When I arrive at the gallery, I take a moment to enjoy the exhibition City Stages; Matthew Pillsbury’s long-exposure photographs taken with a view camera.
Further on, in another room, I find myself in front of a large color photograph with so much texture that it’s almost difficult to process. The cloudy image is vaguely reminiscent of Yellowstone National Park. I look around the room, then approach Abelardo Morell’s View of Landscape Outside Florence in Room with Bookcase, which I have never seen in person. No good. I return to the large color print. My brain is reeling. A double exposure? “Of course not,” says Bonni. “We don’t allow any manipulation here, nothing creative outside of the mind. This image is part of Morell’s famous Camera Obscura series.”
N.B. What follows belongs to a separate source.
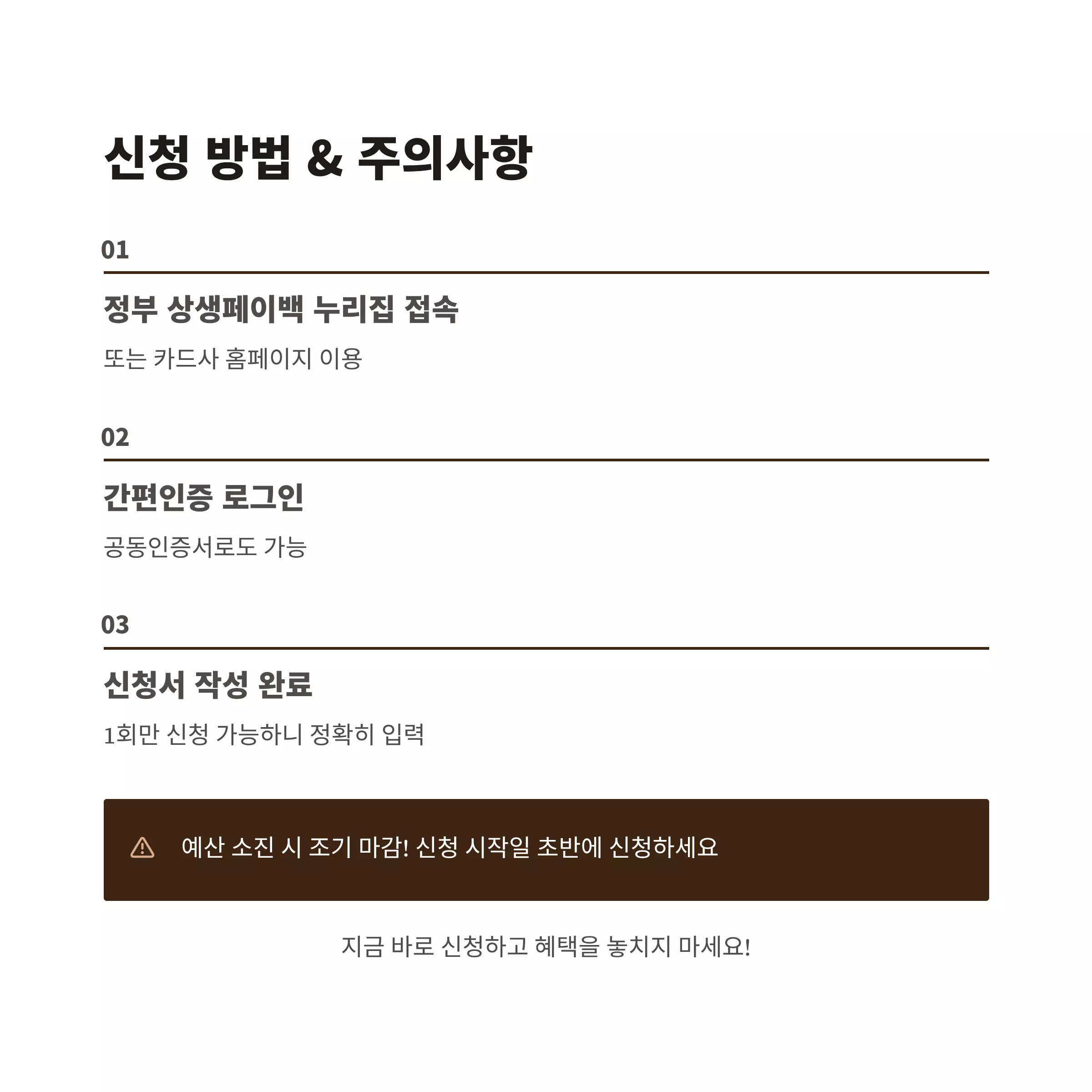 신청은 정부 상생페이백 누리집 또는 카드사 홈페이지에서 가능합니다. 간편 인증이나 공동 인증서를 이용한 로그인 후 신청서를 작성하면 됩니다.

Basically, Abelardo uses a room as if it were a camera chamber. He covers all the windows, letting only a sliver of light shine though. This produces an inverted, but precise, projection of the view outside. Then he takes a picture of the projection. In the Yellowstone photograph, he set up a tent and recreated the same process. The big difference, though, is that the exterior image is projected onto a textured surface, the rocky ground, instead of a smooth hotel room wall.
Captivating.
Bonni speaks for a while about “Abe,” whom she’s represented for many years. I can sense how important her relationship with the artist has been in her life as a gallerist. Her story is touching, funny and unpretentious.
At the end of our chat, she says that she doesn’t want to get back to work, and I don’t want to go home, either.
Thank you so much, Bonni.
From the first encounter with photography to the opening of her own gallery space…
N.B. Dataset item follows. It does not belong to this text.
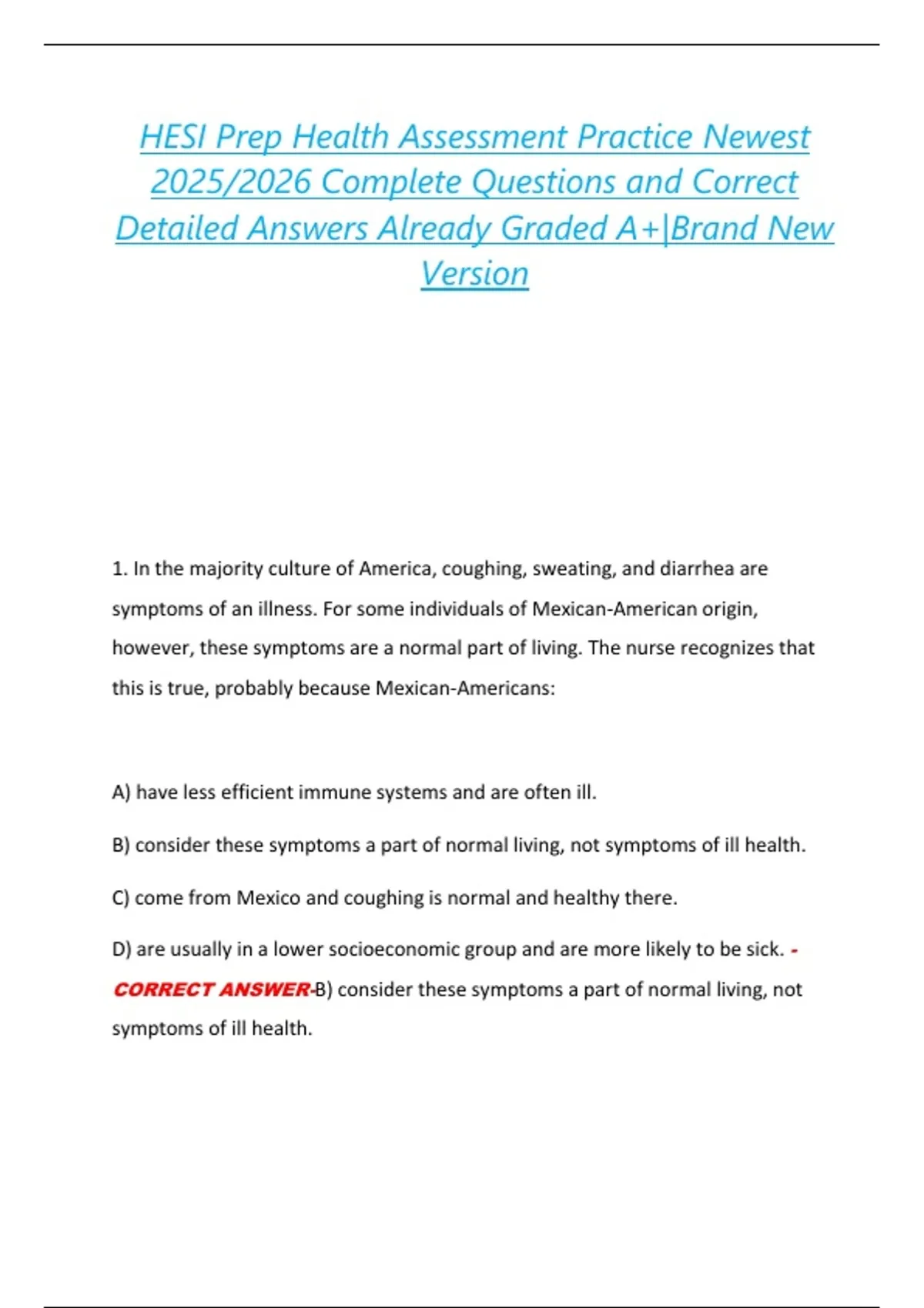 HESI Prep Health Assessment Practice Newest 2025/2026 Complete Questions and Correct Detailed Answers Already Graded A+|Brand New Version

When Bonni was 16 and in high school, she already knew that she wanted to become an art dealer. She read a book about the Duveens, two famous 19th century English art dealers, and says she was fascinated by the idea that one can own, buy and sell history through art works.
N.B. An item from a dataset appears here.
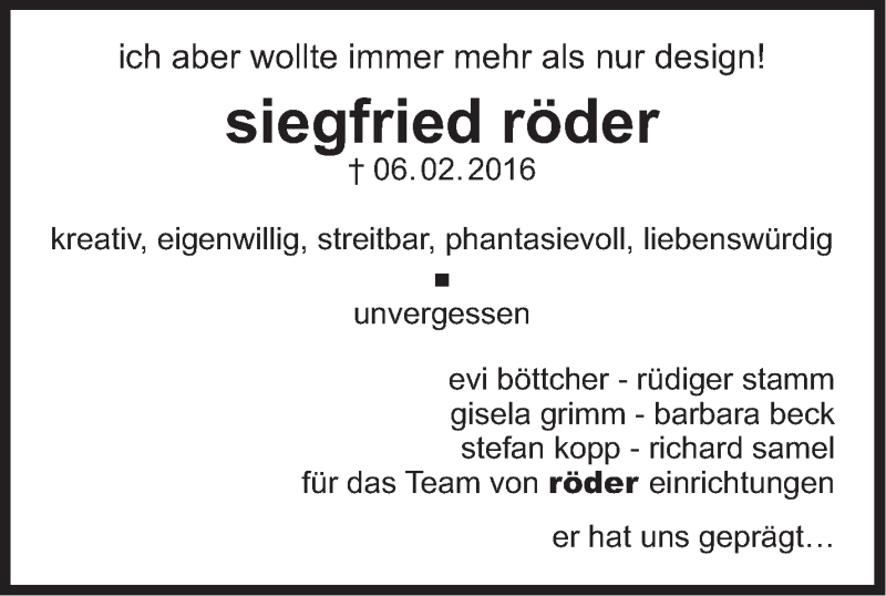 Hier finden Sie alle Traueranzeigen aus der Zeitung, die bisher für Siegfried Röder erschienen sind. Weitere Traueranzeigen, die in der Zeitung erscheinen, werden hier ebenfalls aufgelistet

She studied art at Boston University under Carl Chiarenza, the renowned professor and art historian.
Her first inspiration was Robert Frank, especially Rodeo, Detroit. She tells me that when she saw that image she said, “Where is the rodeo?” and that’s where it all began.
Diploma in hand, she finds a job at the Blum-Helman Gallery, where Irving Blum becomes her mentor. At the time, he represented Lichtenstein, Rauschenberg, Warhol… Everything she knows she learned from him, says Bonni.
In 1977 she gets hired by the Wolf Gallery, where she essentially became the director, especially for the two years during which Daniel Wolf traveled across the country to piece together a spectacular collection of photographs for the director of the Getty Museum, John Walsh.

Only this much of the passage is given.